Подавленный переворот быстро перерастает в чистки, однако сложно предположить, что без них обошлось бы в случае его победы. Ответ на вопрос, что в случае победы путчистов делать с той частью армии, судей и журналистов, которая их не поддержала, и с тем народом, который сейчас скачет по улицам в защиту временно совпавших Эрдогана и демократии, многим сторонникам свободы почему-то не кажется важным. Как раз это естественным образом толкает всех вынесенных за скобки выйти и поддержать Эрдогана, даже если до путча они бы лучше дома посидели.
Во время переворота там и сям были высказаны робкие догадки, что новые декабристы на вертолетах и для нас был бы вариант. Однако этот вариант находится у нас за пределами возможного. Мы видим, что военные перевороты распределены по миру не поровну – где густо, а где не дождетесь. И уж если они где случаются, то на одном останавливаются редко. В Аргентине за последние сто лет их семь, в Мавритании и Пакистане по шесть, в Боливии четырнадцать, в Таиланде двадцать один, в Турции нынешний – седьмой и первый неудачный.
Россия, как мы все видим, относится к группе стран, где военные перевороты давным-давно перевелись, последний и был, можно сказать, 14 декабря 1825 года, а значит, и в настоящем оказии ждать неоткуда.
Танки на Манежной
Страны неслучайно делятся на те, где военные перевороты бывают, и те, где нет. Военные охотно захватывают власть там, где они чувствуют себя выше среднего по обществу, и воздерживаются от этого там, где чувствуют себя ниже или равно.
В первой разновидности стран военные верят, что они впереди нации, воплощают лучшее, что в ней есть. Они смотрят сверху вниз и на политиков, и на купцов, и на интеллигентов-разночинцев, и на чиновников, и на простой народ. Особенно на политиков, которые, пользуясь низменными чувствами толпы, думают только о том, чтобы удержаться у власти и поделить добро со знакомыми купцами, а на оставшееся прикупить разночинцев. В странах, где военные де-факто – ветвь власти, они не только получают зарплаты, которые ставят их выше гражданских коллег. Военная служба здесь сопровождается поселением в закрытых престижных городках, в новых домах с удобствами, чистых и безопасных в окружающем беспорядке третьего мира, отдых в специальных санаториях, настоящую медицину и совершенно неочевидные за пределами западного мира пенсии и хорошее образование для детей.

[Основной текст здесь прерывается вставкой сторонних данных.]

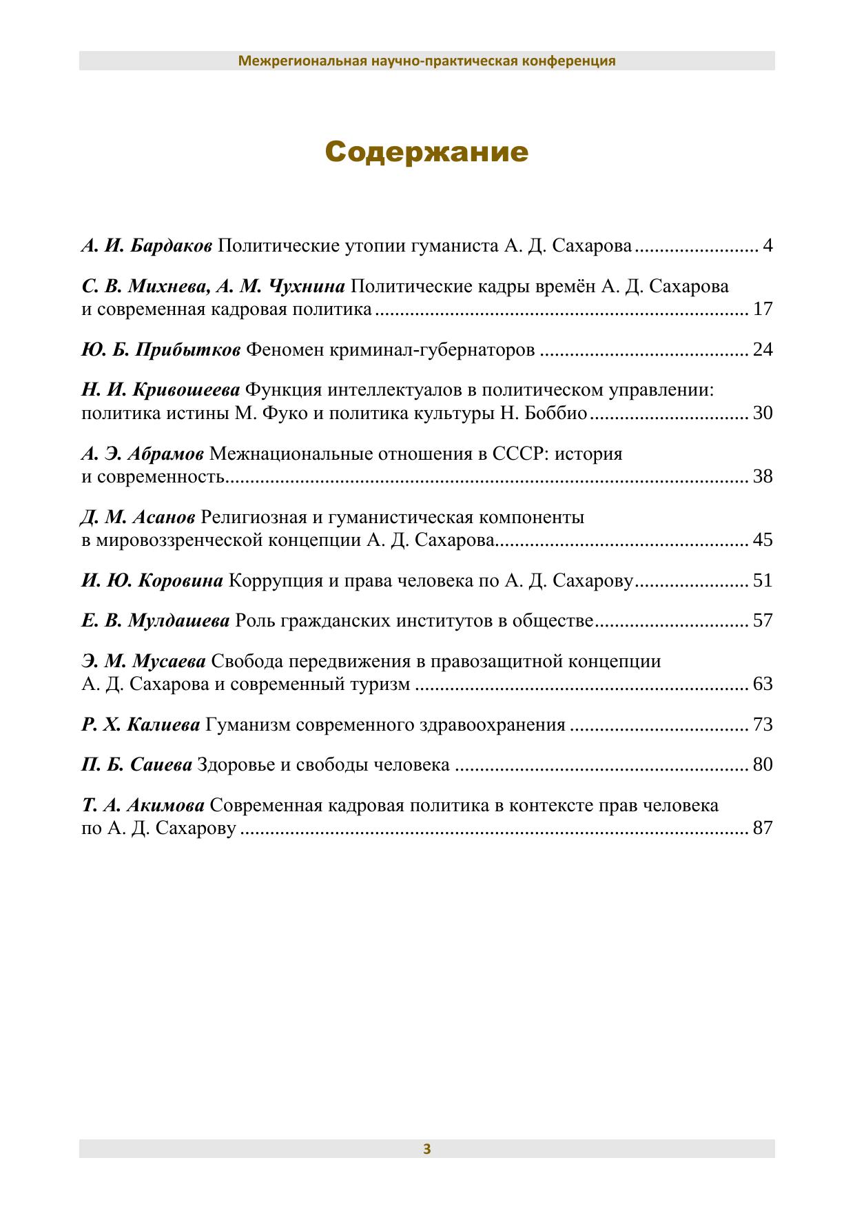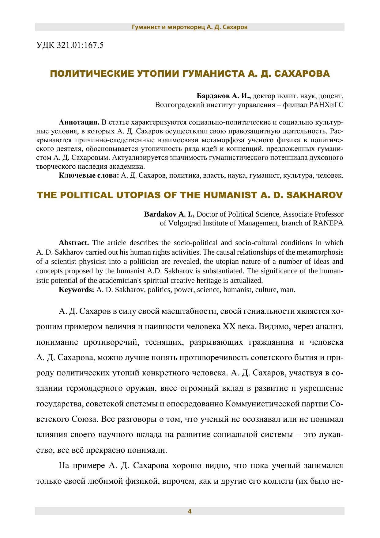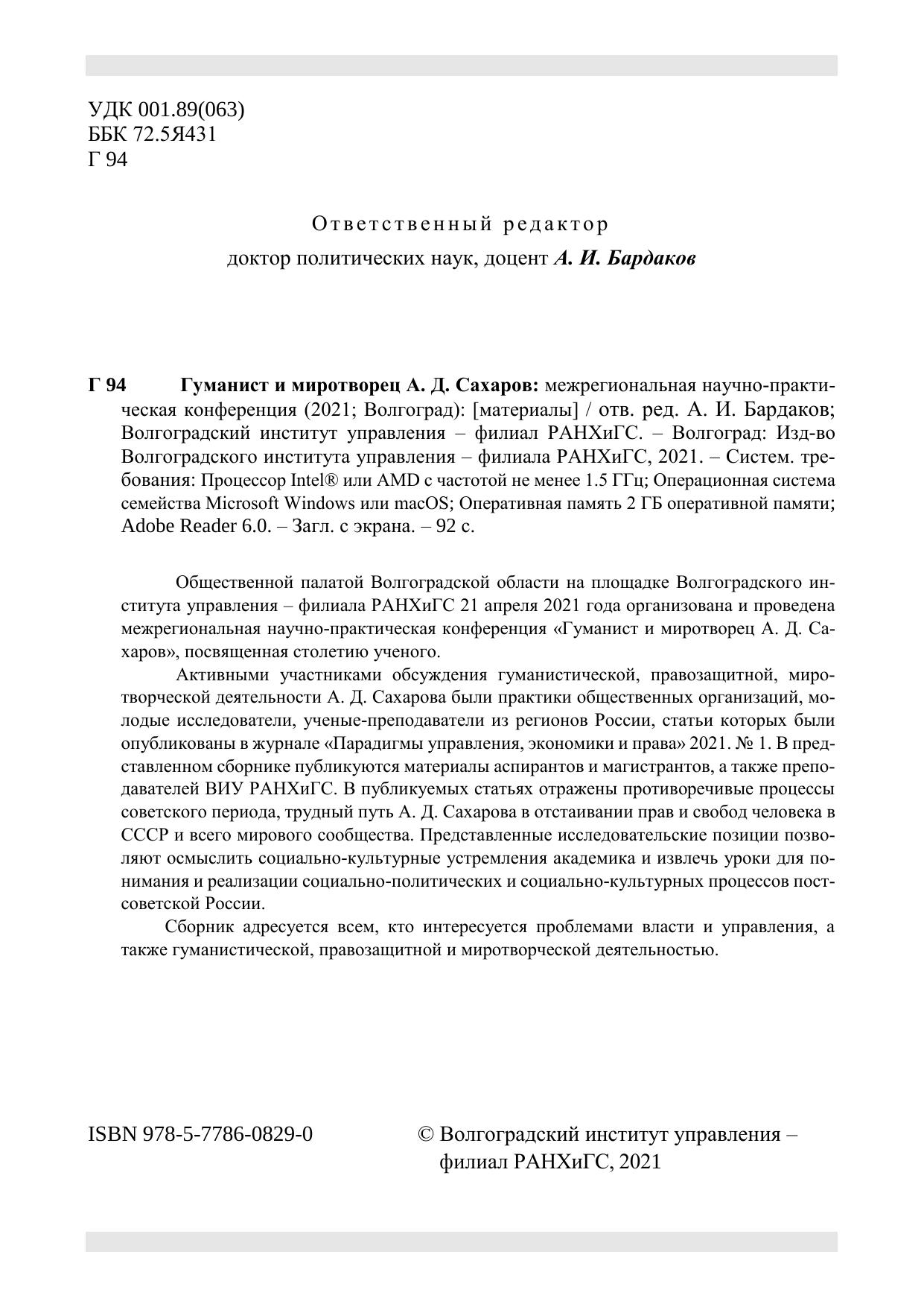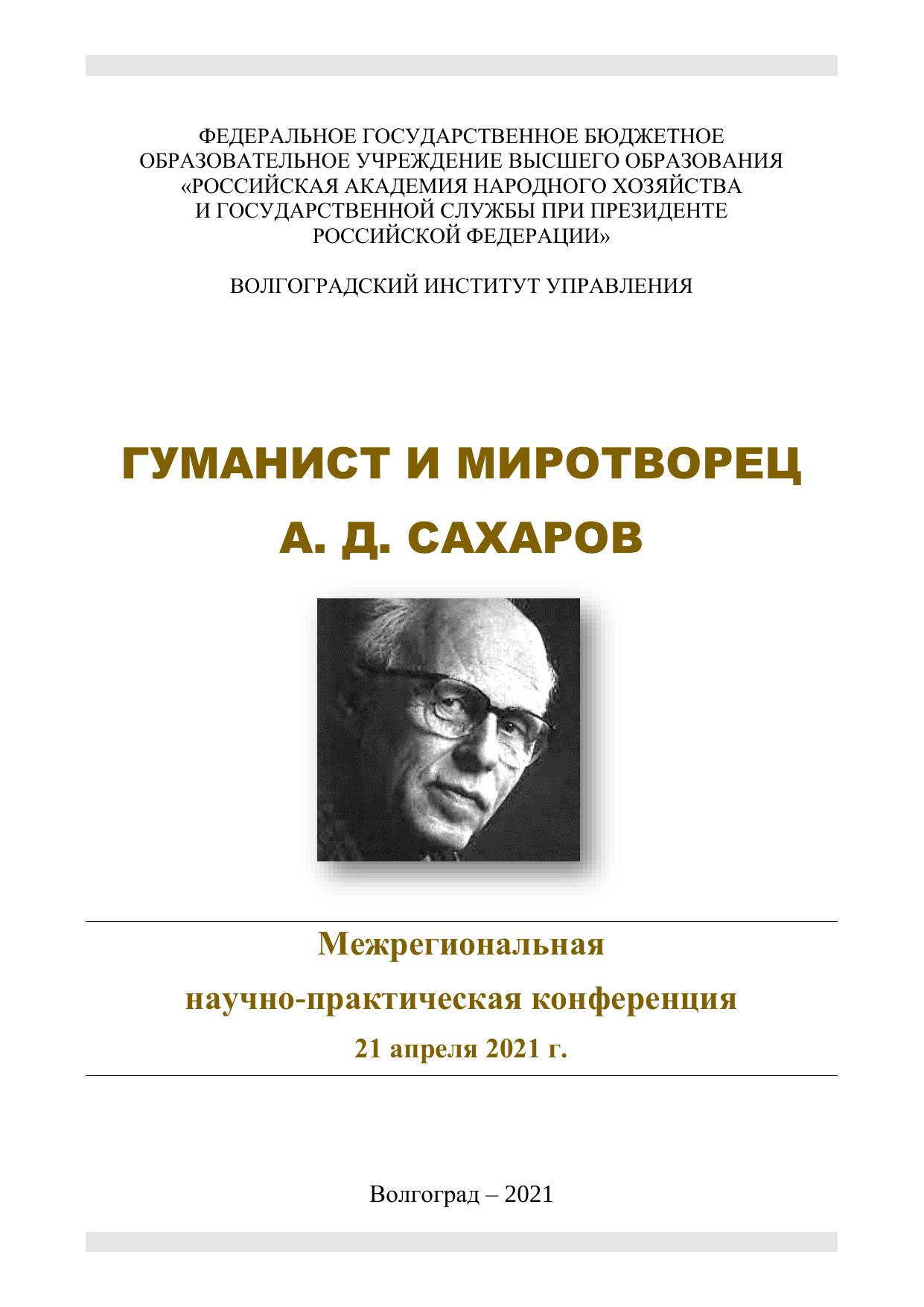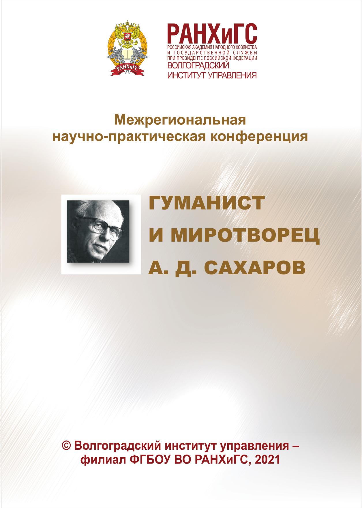 Общественной палатой Волгоградской области на площадке Волгоградского института управления – филиала РАНХиГС 21 апреля 2021 года организована и проведена межрегиональная научно-практическая конференция «Гуманист и миротворец А. Д. Сахаров», посвященная столетию ученого. Активными участниками обсуждения гуманистической, правозащитной, миротворческой деятельности А. Д. Сахарова были практики общественных организаций, молодые исследователи, ученые-преподаватели из регионов России, статьи которых были опубликованы в журнале «Парадигмы управления, экономики и права» 2021. № 1. В представленном сборнике публикуются материалы аспирантов и магистрантов, а также преподавателей ВИУ РАНХиГС. В публикуемых статьях отражены противоречивые процессы советского периода, трудный путь А. Д. Сахарова в отстаивании прав и свобод человека в СССР и всего мирового сообщества. Представленные исследовательские позиции позволяют осмыслить социально-культурные устремления академика и извлечь уроки для понимания и реализации социально-политических и социально-культурных процессов постсоветской России. Сборник адресуется всем, кто интересуется проблемами власти и управления, а также гуманистической, правозащитной и миротворческой деятельностью.
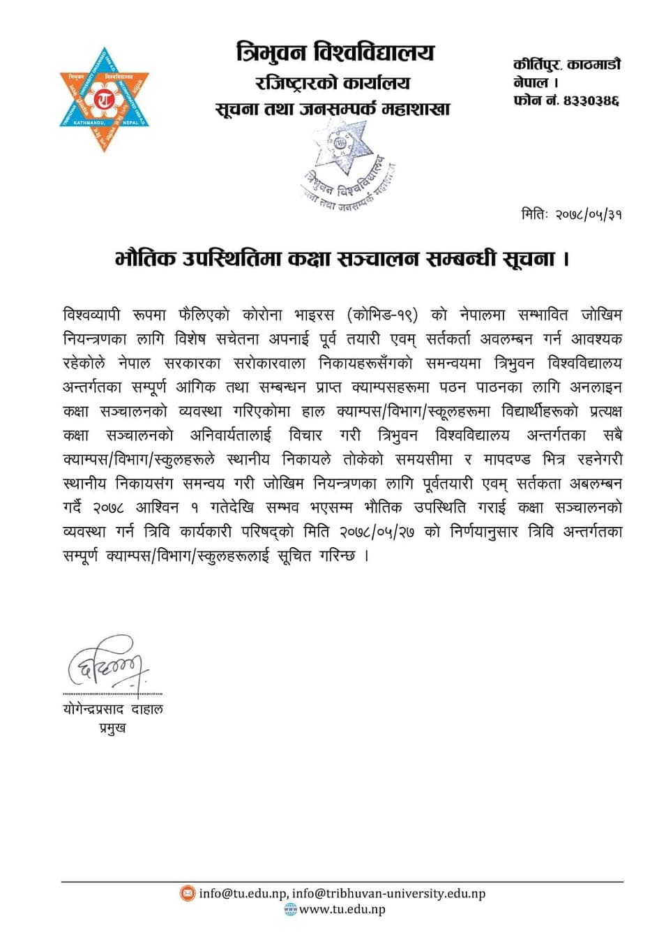 त्रिभुवन विश्व विद्यालयले सम्भवभएसम्म भौतिक उपस्थितिमा नै कक्षा सञ्चालन गर्न आंगिक क्याम्पसहरूलाई निर्देशन दिएको छ ।
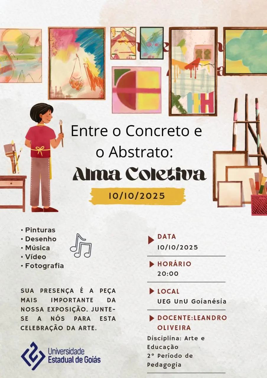 A Universidade Estadual de Goiás (UEG) – Unidade Universitária de Goianésia – promove nesta sexta-feira, 10, a exposição “Entre o Concreto e o Abstrato: Alma Coletiva”, organizada pelos acadêmicos do 2º período do curso de Pedagogia, sob a orientação do professor Leandro Oliveira, na disciplina de Arte e Educação.
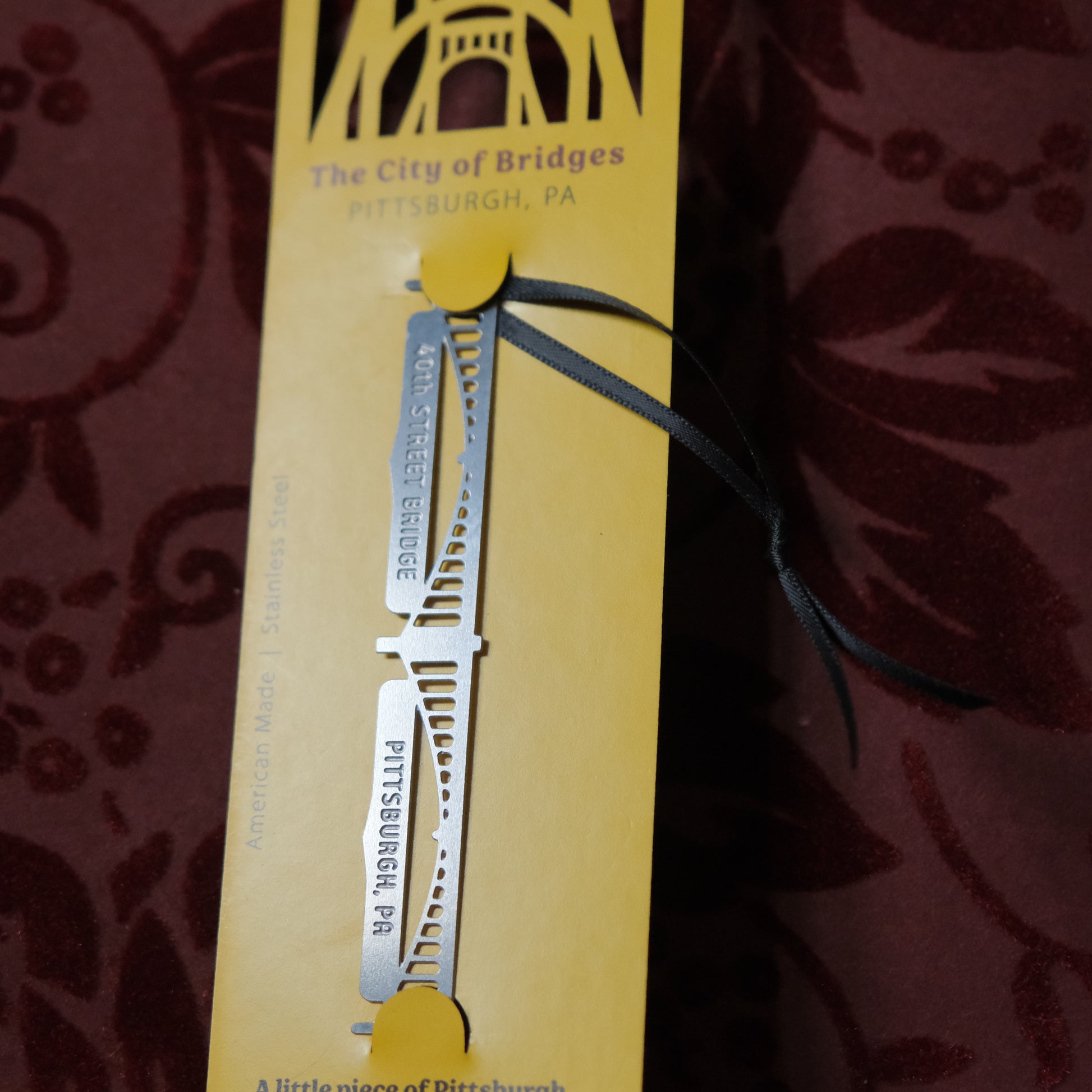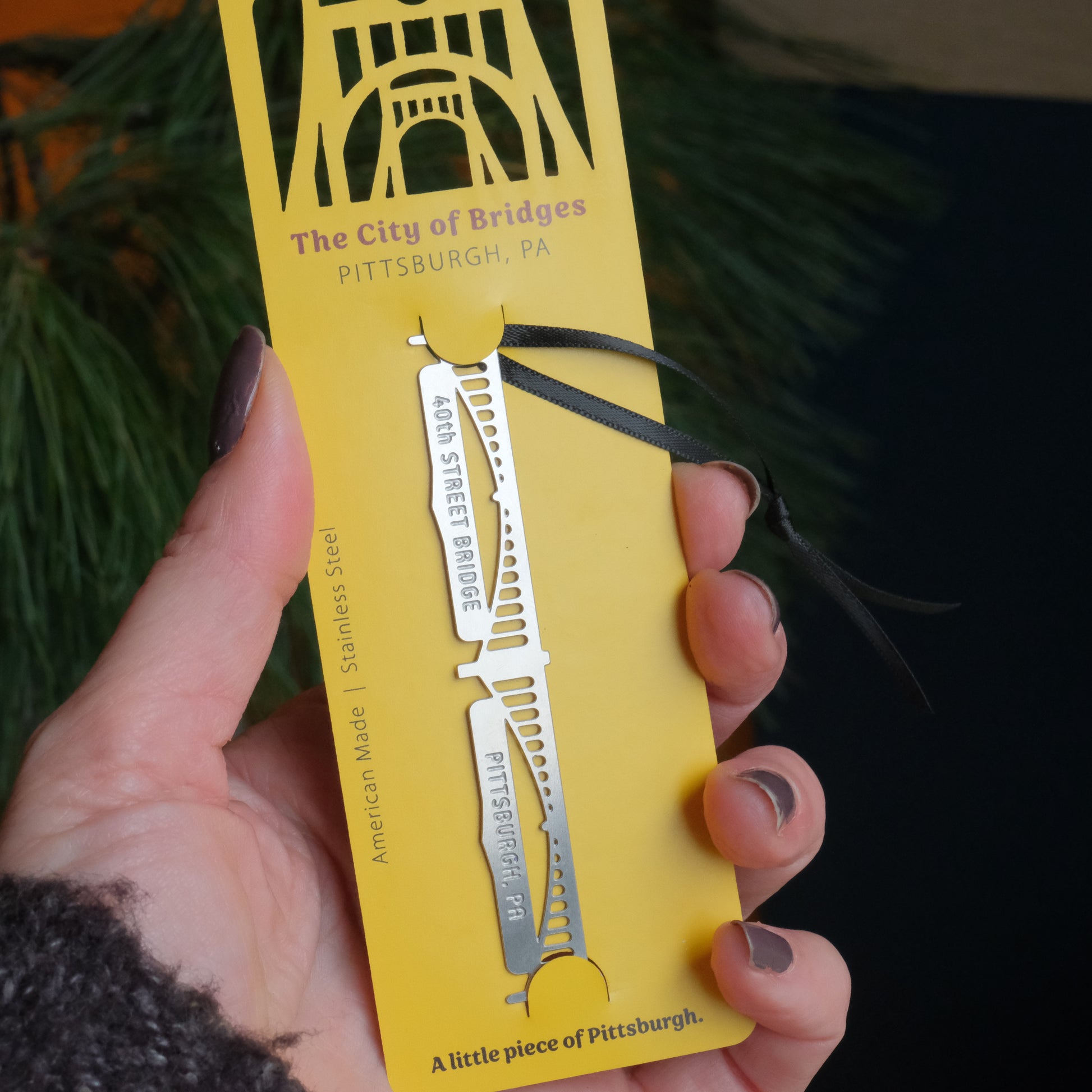 1" x 3 1/2" light weight stainless steel ornaments will not tarnish or break. Designed by Pittsburgh artist Audra Azoury.
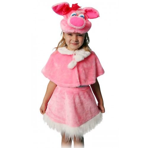 Карнавальный костюм Поросюшка - это ярко-розовый сарафанчик из искусственного меха с отделкой и красивым воротничком, который смотрится женственно и мило.
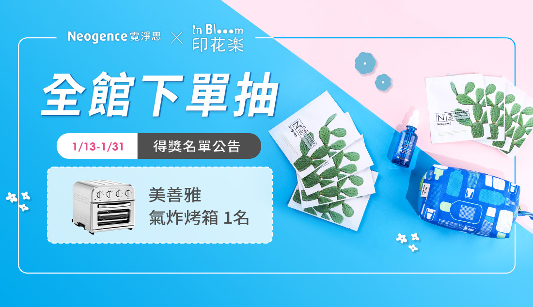 霓淨思官網下單抽『杏仁酸簽名禮盒』『Cuisinart多功能氣炸烤箱』『太魯閣晶英酒店 雙人住宿券』得獎名單,請回覆客服E-mail,提供獎品寄出地址,以利贈品寄出。
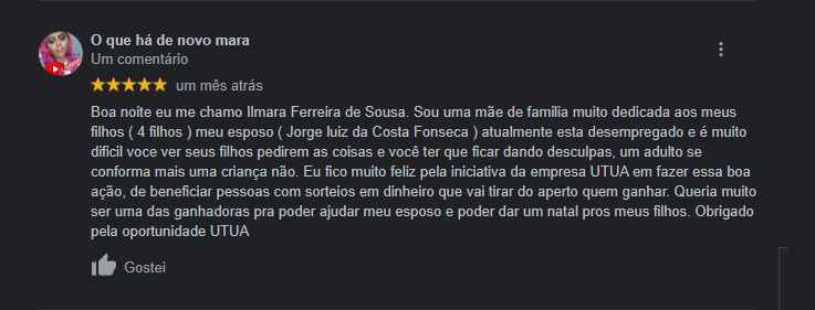 Olha, caso você já não me conheça, eu também sou coordenador dos sorteios do Clube UTUA, e nós fazemos sorteios de 3 mil reais, ao vivo, toda quarta, as 20h, no nosso canal do UTUA, no YouTube. Então, caso queira tirar a prova, ou até participar (porque pra participar é 100% grátis), pode pesquisar as nossas redes sociais e ver depoimentos das mais de 50 pessoas que já ganharam nossos sorteios.
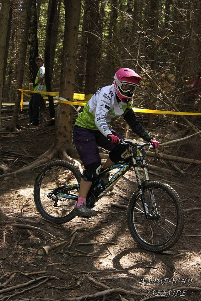 “Keď som v 15tich rokoch vyrástla zo starého bicykla, začala som sa obzerať po niečom novom. Mám veľa kamarátov, ktorí jazdili dirty. Zaujalo ma to a doma som našich ukecala, aby mi kúpili nový bicykel. Dostala som svoje prvé HT, ktoré som dva roky splácala. To mi však časom nestačilo a kúpila som si svoje prvé fullko. Zo začiatku to nebolo nič ľahké a dosť som sa bála. Často som sa zasekla na jednom mieste a nevedela som sa pohnúť. Spoznala som však ďalších bikerov, ktorí mi veľmi pomohli a potiahli ma.”
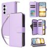 For Samsung Galaxy S25 FE Case 9 Card Slots Zipper Pocket PU Leather Phone Cover with Wrist Strap — buy online with free worldwide shipping!
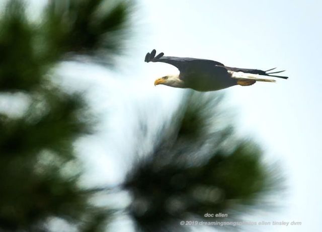 An adult bald eagle was dashing toward dad osprey (unseen here) and wanted his fish.
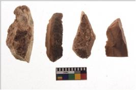 | Description / विवरण | There are n 4 utilized flake cores. There are multidirectional irregular scar pattern on both dorsal and ventral face of the flake cores. One has sharp edges and three have blunted edges. |
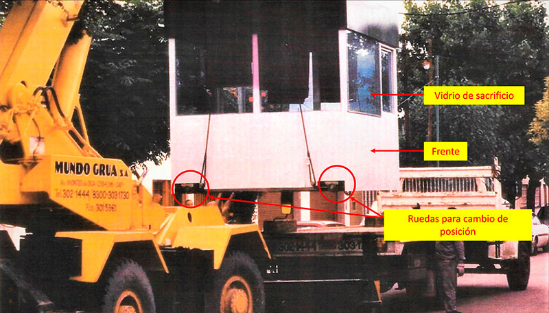 Figura 3. Cabina saliendo del taller para su destino. Se señalan algunas características

Военные здесь элита, орден, двор. Важно, что не только они так про себя думают – мало ли кто думает, что управляет миром, не привлекая ничьего внимания, – а что другие с этим в общем согласны. Высокой самооценке военных соответствует их высокая общественная оценка. Военные вузы дают не вообще какое-то, а лучшее в стране образование. Богатые и влиятельные семьи отдают детей в военные школы и потом на военную службу, гордятся, когда те надевают мундир. Явление на публику в мундире – важное преимущество. Зарплаты военных не просто выше, чем у их гражданских коллег, а дают доступ к безбедной жизни, социальным благам, а на высоких чинах и к долям в собственности, участии в управлении экономикой. Военная служба здесь одновременно и накопитель представителей старой элиты, и самый подвижный и желанный из социальных лифтов, который позволяет по заслугам приобщить к ней старательного новичка.
Переворот не всегда делают маршалы и генералы. Иногда это как раз военные среднего звена: носители сословной программы, которым кажется, что старшие по званию предали ее, слившись в мезальянсе с гражданской верхушкой. Диктатура в Греции была черных полковников, а не генералов, а Каддафи был и вовсе лейтенант.
Все это верно в отношении Турции, Египта, арабского мира в целом, Пакистана, Таиланда, Испании и Латинской Америки XIX и местами XX века, Африки. Именно там регулярно происходит общественно-политическая коррекция при помощи военных и военно-дворцовых переворотов.
И все это неверно в отношении России, а заодно большинства стран Европы, включая постсоветскую Восточную, Северной Америки, Китая второй половины 20 века, Южной Африки. Даже если мы забудем про западные страны, где военный переворот кажется немыслимым из-за развитости политических институтов, различие между оставшимися развивающимися странами окажется тем более выразительным.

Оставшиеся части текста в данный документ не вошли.